#### TASK TO CARRY OUT:
Go through the data below and return each line where the string "Gogh" appears.

#### DATA RECORDS:
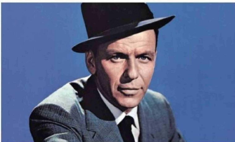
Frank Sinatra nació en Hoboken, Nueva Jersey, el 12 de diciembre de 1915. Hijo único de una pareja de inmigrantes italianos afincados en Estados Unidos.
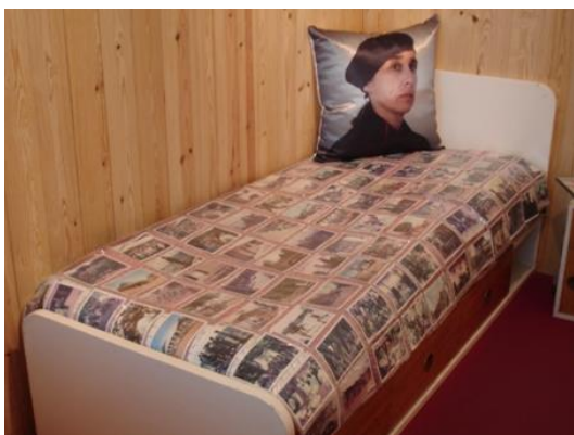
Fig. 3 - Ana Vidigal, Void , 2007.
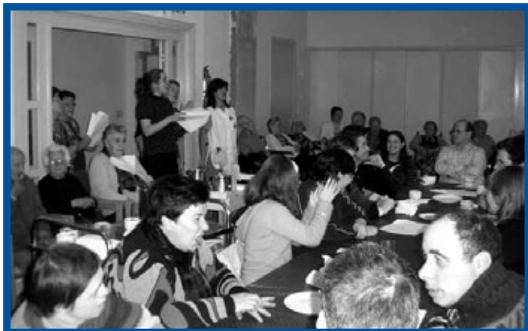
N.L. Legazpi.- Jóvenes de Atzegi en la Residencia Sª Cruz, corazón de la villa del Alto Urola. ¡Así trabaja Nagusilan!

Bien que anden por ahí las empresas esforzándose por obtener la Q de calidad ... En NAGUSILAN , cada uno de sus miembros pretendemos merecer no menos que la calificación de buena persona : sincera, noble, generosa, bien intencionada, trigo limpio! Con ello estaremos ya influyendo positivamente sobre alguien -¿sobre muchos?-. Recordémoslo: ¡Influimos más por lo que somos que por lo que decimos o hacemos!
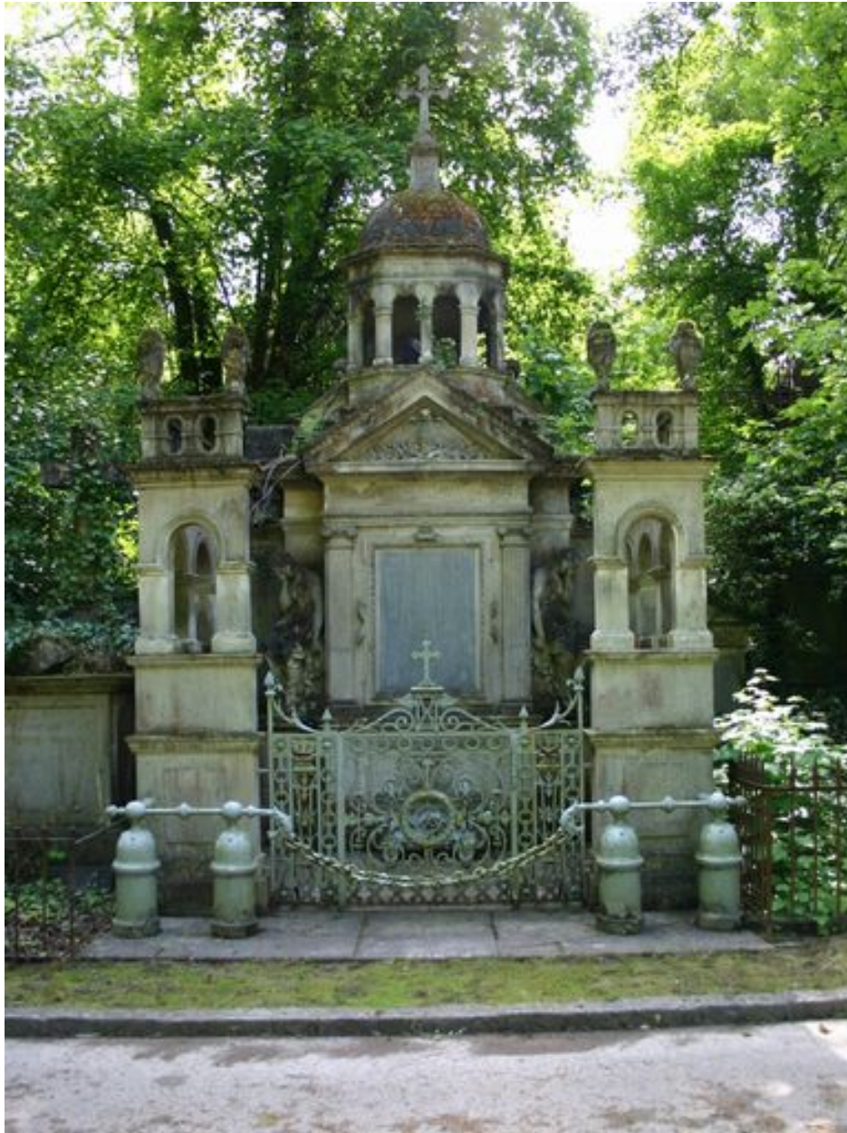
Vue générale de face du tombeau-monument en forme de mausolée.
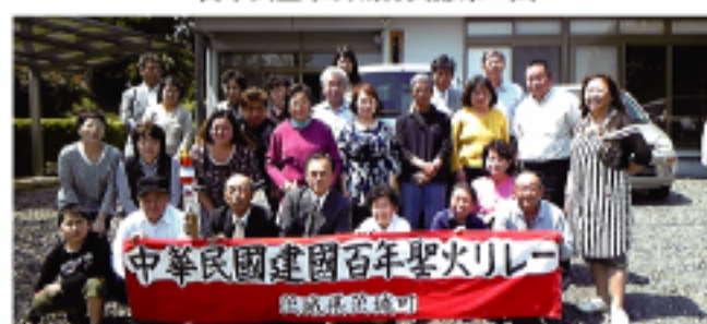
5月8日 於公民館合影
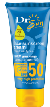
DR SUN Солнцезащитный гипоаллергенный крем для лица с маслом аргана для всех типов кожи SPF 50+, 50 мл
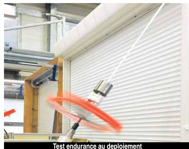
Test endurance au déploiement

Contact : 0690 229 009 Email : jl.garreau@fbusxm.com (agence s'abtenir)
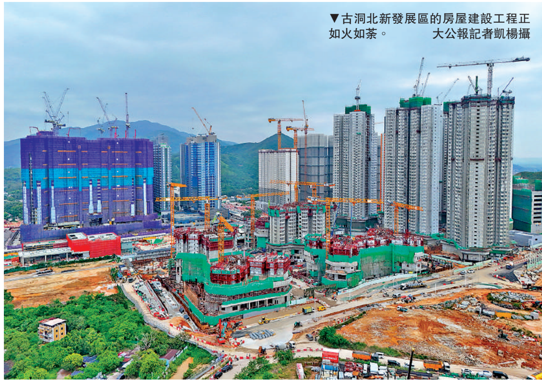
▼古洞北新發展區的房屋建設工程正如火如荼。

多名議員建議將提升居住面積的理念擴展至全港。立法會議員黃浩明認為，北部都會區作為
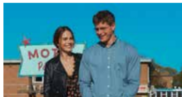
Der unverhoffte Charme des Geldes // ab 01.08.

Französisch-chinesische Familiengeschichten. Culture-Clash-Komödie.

---

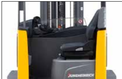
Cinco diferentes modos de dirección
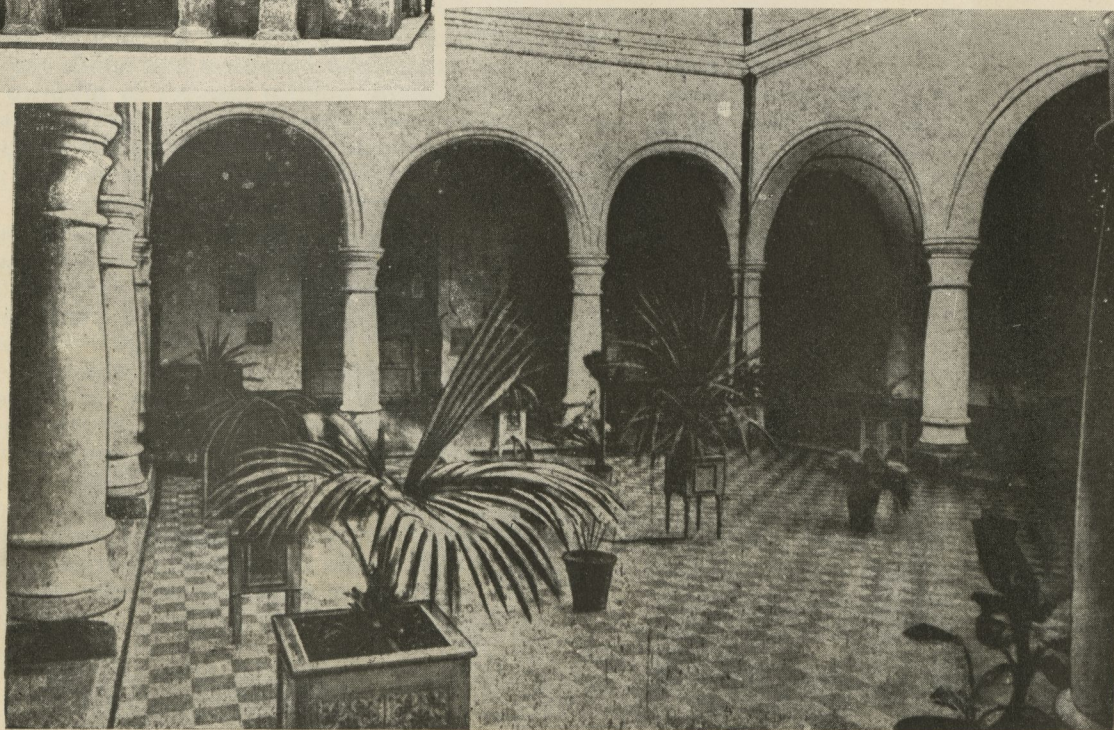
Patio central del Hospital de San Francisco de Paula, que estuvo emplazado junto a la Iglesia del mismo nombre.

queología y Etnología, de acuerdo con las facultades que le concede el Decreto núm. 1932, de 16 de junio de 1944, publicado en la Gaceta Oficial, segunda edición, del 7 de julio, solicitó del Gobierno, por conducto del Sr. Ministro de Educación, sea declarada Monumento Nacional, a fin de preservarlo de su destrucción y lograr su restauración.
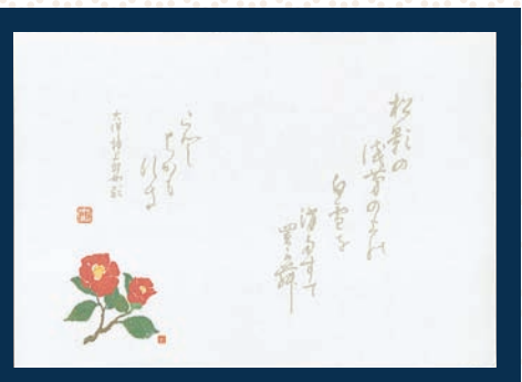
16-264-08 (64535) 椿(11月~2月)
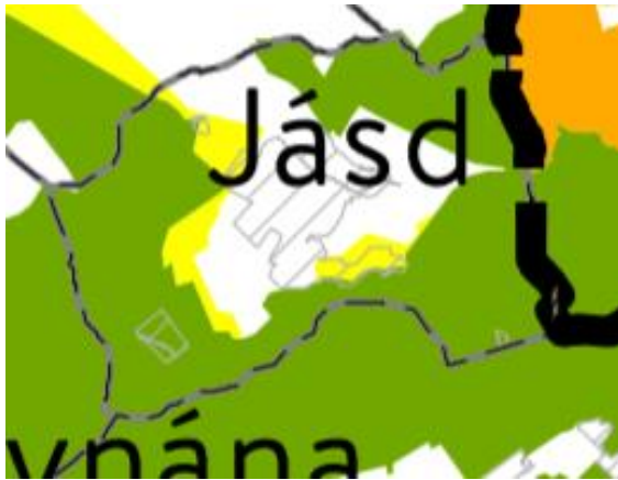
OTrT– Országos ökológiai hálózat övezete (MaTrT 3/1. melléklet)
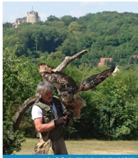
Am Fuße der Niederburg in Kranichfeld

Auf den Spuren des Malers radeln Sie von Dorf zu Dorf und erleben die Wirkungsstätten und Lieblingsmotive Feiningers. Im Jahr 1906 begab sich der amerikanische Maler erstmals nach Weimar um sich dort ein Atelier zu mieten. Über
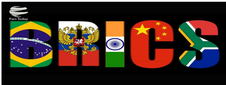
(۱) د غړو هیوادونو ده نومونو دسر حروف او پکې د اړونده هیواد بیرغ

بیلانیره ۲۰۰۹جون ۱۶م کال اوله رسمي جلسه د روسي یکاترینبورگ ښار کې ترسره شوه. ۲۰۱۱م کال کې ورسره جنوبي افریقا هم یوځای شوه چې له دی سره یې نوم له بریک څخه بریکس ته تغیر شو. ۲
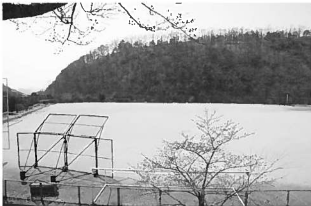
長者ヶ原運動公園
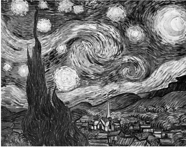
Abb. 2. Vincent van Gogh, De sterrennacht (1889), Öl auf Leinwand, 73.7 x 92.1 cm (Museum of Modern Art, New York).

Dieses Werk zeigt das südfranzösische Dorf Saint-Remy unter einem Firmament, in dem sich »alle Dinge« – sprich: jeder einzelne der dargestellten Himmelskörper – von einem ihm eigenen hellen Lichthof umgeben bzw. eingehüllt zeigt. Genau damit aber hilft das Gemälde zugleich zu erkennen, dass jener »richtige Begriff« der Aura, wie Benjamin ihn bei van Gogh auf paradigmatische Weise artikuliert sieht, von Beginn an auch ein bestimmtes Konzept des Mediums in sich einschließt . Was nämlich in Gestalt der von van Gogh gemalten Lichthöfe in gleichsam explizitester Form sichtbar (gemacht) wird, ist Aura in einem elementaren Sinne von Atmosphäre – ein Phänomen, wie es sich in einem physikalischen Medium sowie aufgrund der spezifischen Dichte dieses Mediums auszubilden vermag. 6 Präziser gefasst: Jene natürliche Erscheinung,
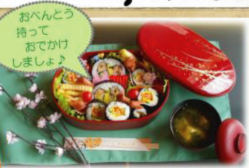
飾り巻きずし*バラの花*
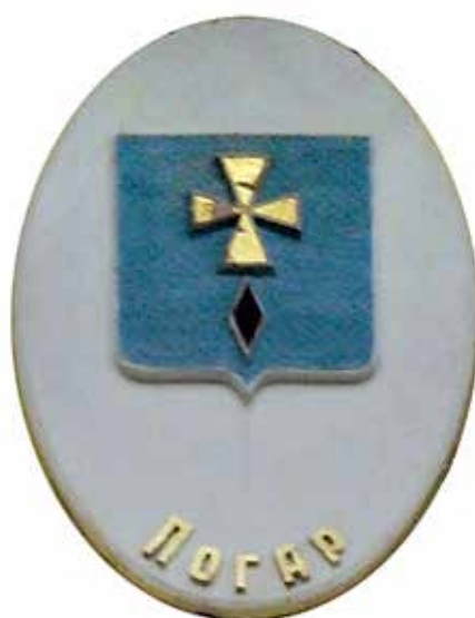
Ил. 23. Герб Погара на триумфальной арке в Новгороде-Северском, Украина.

...

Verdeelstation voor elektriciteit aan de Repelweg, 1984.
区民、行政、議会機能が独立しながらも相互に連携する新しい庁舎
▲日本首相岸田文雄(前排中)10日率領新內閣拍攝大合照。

#### RESPONSE TO THE TASK:
Abb. 2. Vincent van Gogh, De sterrennacht (1889), Öl auf Leinwand, 73.7 x 92.1 cm (Museum of Modern Art, New York).
Dieses Werk zeigt das südfranzösische Dorf Saint-Remy unter einem Firmament, in dem sich »alle Dinge« – sprich: jeder einzelne der dargestellten Himmelskörper – von einem ihm eigenen hellen Lichthof umgeben bzw. eingehüllt zeigt. Genau damit aber hilft das Gemälde zugleich zu erkennen, dass jener »richtige Begriff« der Aura, wie Benjamin ihn bei van Gogh auf paradigmatische Weise artikuliert sieht, von Beginn an auch ein bestimmtes Konzept des Mediums in sich einschließt . Was nämlich in Gestalt der von van Gogh gemalten Lichthöfe in gleichsam explizitester Form sichtbar (gemacht) wird, ist Aura in einem elementaren Sinne von Atmosphäre – ein Phänomen, wie es sich in einem physikalischen Medium sowie aufgrund der spezifischen Dichte dieses Mediums auszubilden vermag. 6 Präziser gefasst: Jene natürliche Erscheinung,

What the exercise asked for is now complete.